The cell proliferation was tested by the routine MTT assay, the detailed protocol is described in our previous studies [7,8,9,10,11].

Cell death detection

Cells with applied treatment were harvested, washed and stained with trypan blue dye (Sigma). Cells with compromised cell membranes took up trypan blue, and were counted as dead cells [8,9].

BrdU assay of proliferation

Cells with the designated treatment were incubated with BrdU (5 μM) and were fixed. BrdU incorporation, deterring cell proliferation, was tested by the BrdU ELISA kit (Roche Diagnostics).

Clonogenicity assay

As described, [8,9,18], U251MG cells with applied genetic modification (5 × 103 per dish) were resuspended in agar-containing medium, and were cultured on a 100 mm culture dish. After 10 days of culture, the proliferative colonies were manually counted.

Apoptosis analysis

As described early [9],cells with applied treatment were washed. Afterwards, propidium iodide (50 μg/mL), Annexin V-FITC (50μg/mL) and 0.1% Triton X-100 were added [8]. Annexin V positive cells (apoptotic cells) were gated by FACS machine (FACS Canto II flow cytometer, Shanghai, China).

Quantitative real-time reverse transcriptase polymerase chain reaction (qRT-PCR assay)

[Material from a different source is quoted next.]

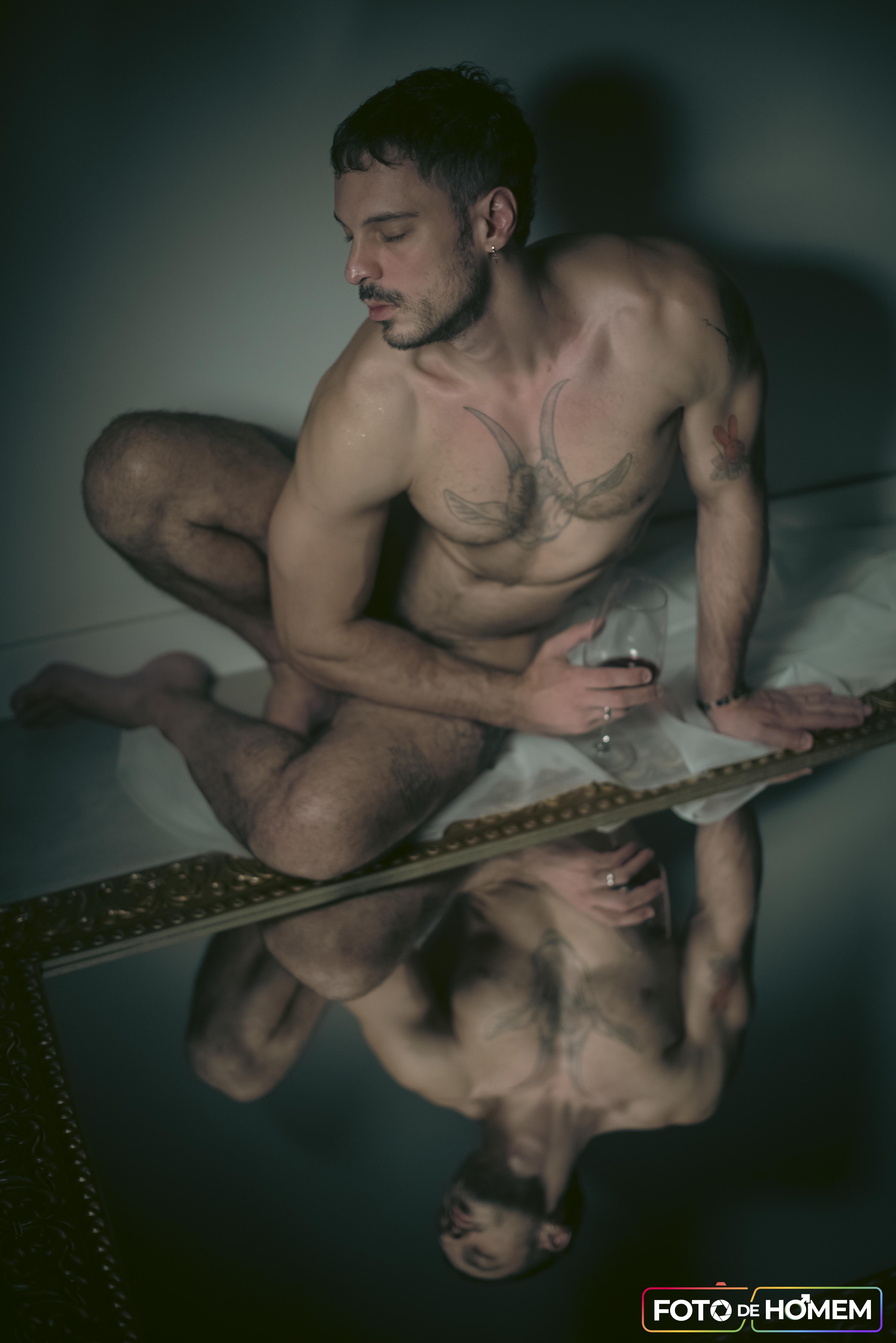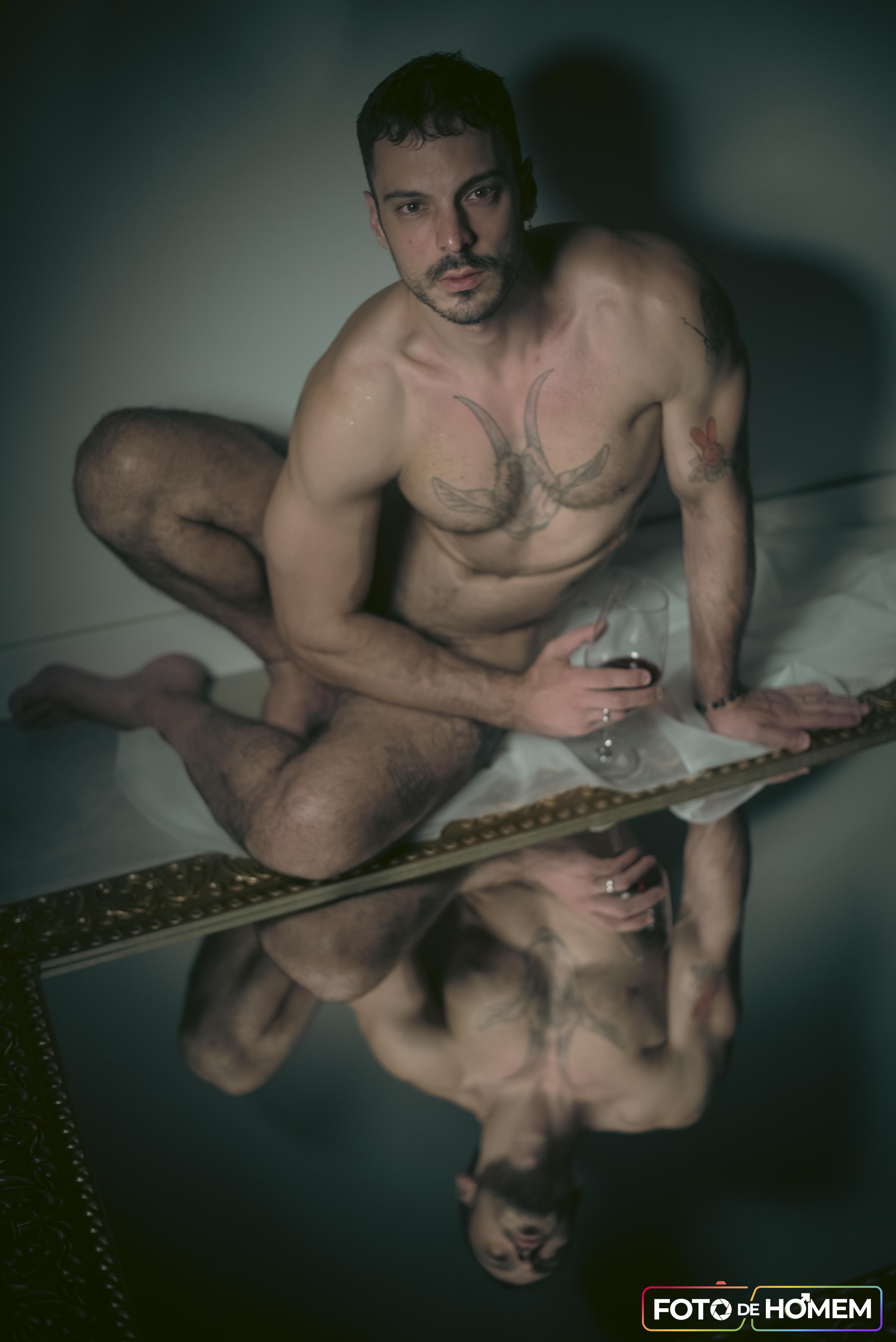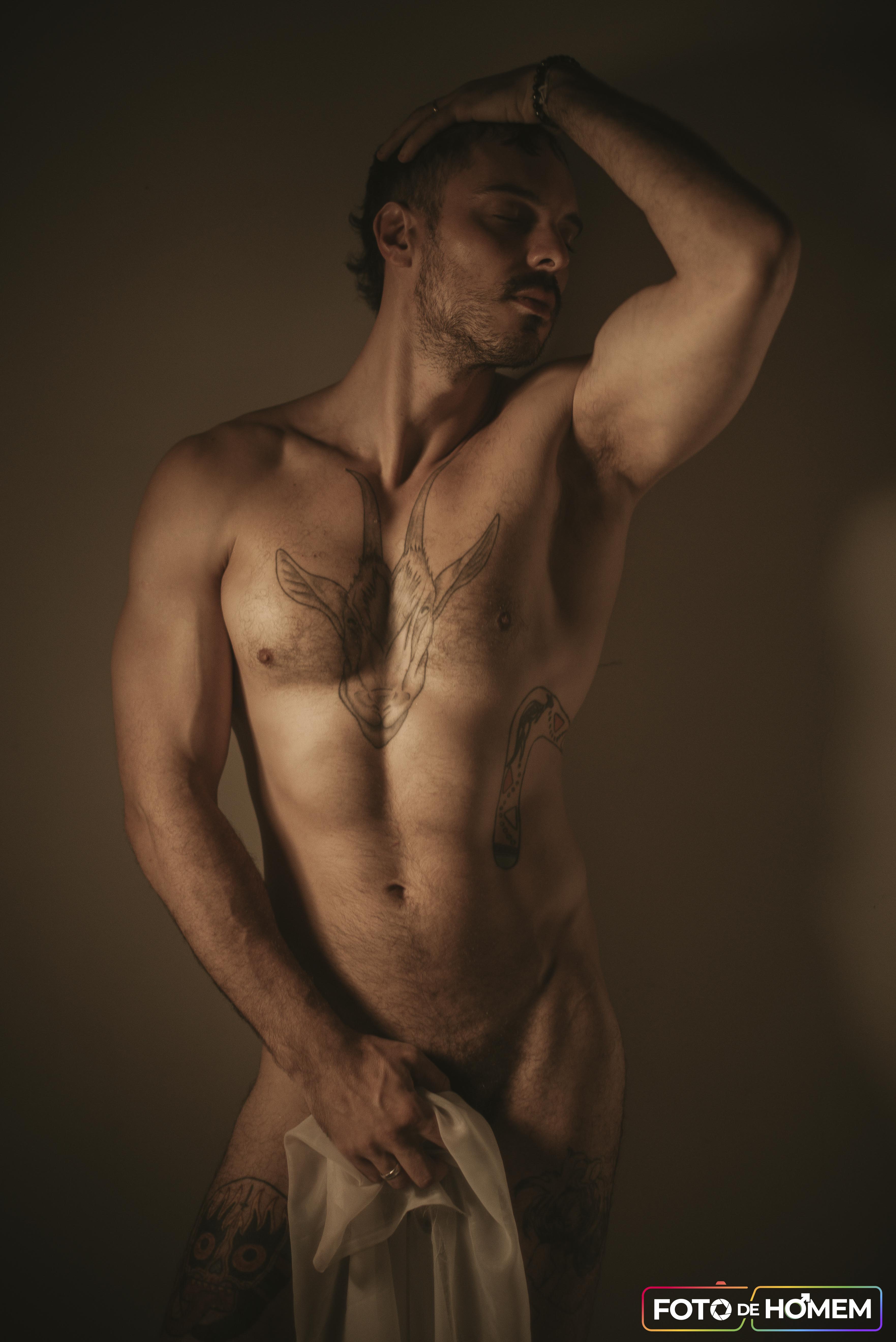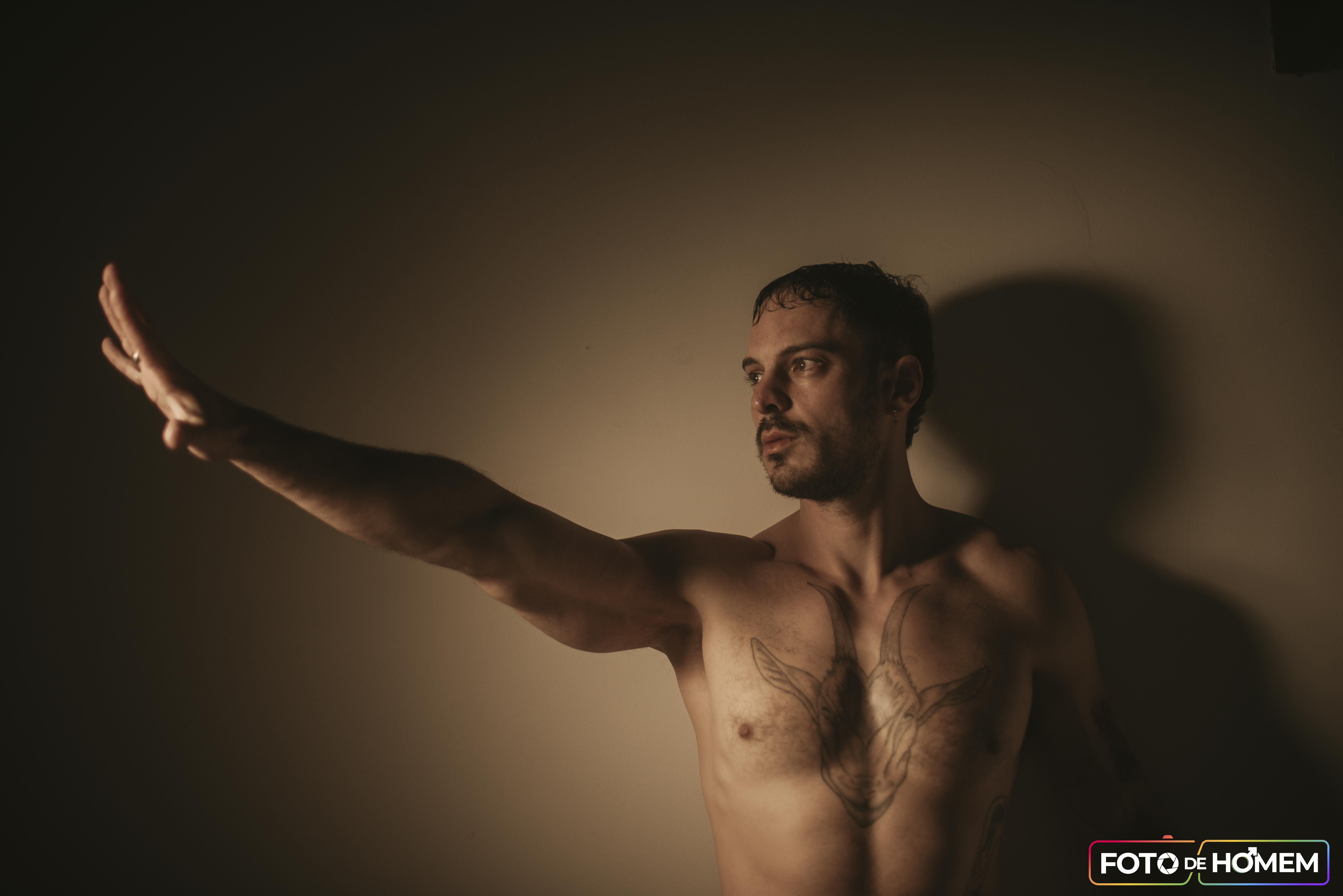 As fotos foram realizadas na casa dele e da esposa, em Joinville (SC), em um ambiente íntimo, confortável e cheio de personalidade. Esse contexto ajudou a deixar o ensaio ainda mais autêntico, valorizando não apenas o corpo masculino, mas também a história, a segurança e a entrega de quem entende a nudez como uma expressão sincera de si mesmo.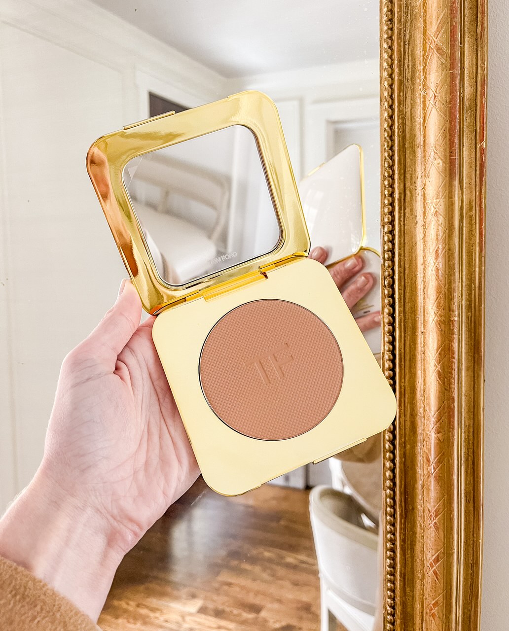 This bronzer is perfect if you like a subtle, natural glow. I use the shade Tera 02 and apply it to my cheekbones, jaw, and temples using this Bobbi Brown brush.

RNA was extracted via the routine Trizol reagents (Invitrogen). For each preparation, 1 μg RNA, 100 nM primers and 1× SYBR Master Mix (Applied Biosystem, Shanghai, China) were mixed. The ABI Prism 7600 Fast Real-Time PCR system (Foster City, CA) was applied for real-time PCR reactions. Melt curve analysis was tested to analyze product melting temperature. Quantification of listed mRNA was through the ΔΔCt method. GAPDH was also tested as the internal control. The primers were as follows:Gab1: forward, 5’-GCATGGAAGAGGAGATGGTTCGTGT-3’ and reverse: 5’-AGTAGCAGAGGATGAATCTGCCTGG-3’[19]; Gab3, forward: 5’-GAGAGCCTCTCTTACACG-3’ and reverse: 5’-GGCTGAAGCTGTGGGGTA-3’ [19]; GAPDH, forward: 5’-TGAAGGTCGGAGTCAACGGATTTGG-3’ and reverse: 5’-CATGTGGGCCATGAGGTCCACCAC-3’ [19]. The primers were purchased from Jikai (Suzhou, China).

Western blotting assay

As described [9], equal amount of lysates (30 μg per sample) were separated by SDS-PAGE gels, and were transferred to PVDF membranes. After blocking, indicated primary antibody and secondary antibody were added. Enhanced chemiluminescence (ECL) reagents (Amersham, Shanghai, China) were applied to visualize the intend band. The densitometry of each band was quantified via the ImageJ software, and its value was always normalized to the corresponding loading control(unless otherwise noted)[9].

Immunoprecipitation (IP)

The detailed protocol was described in other studies [20,21]. Briefly, aliquots of 800 μg of protein lysates from each sample were pre-cleared by protein A/G beads (Sigma), followed by incubation with anti-Gab3 antibody overnight. Thirty μl of protein A/G beads (Sigma) were then added, and the lysates were incubated for 2 hours at 4°C. The beads were washed with PBS for 5 times. Afterwards, Gab3-assocaited proteins were detected by Western blotting assay.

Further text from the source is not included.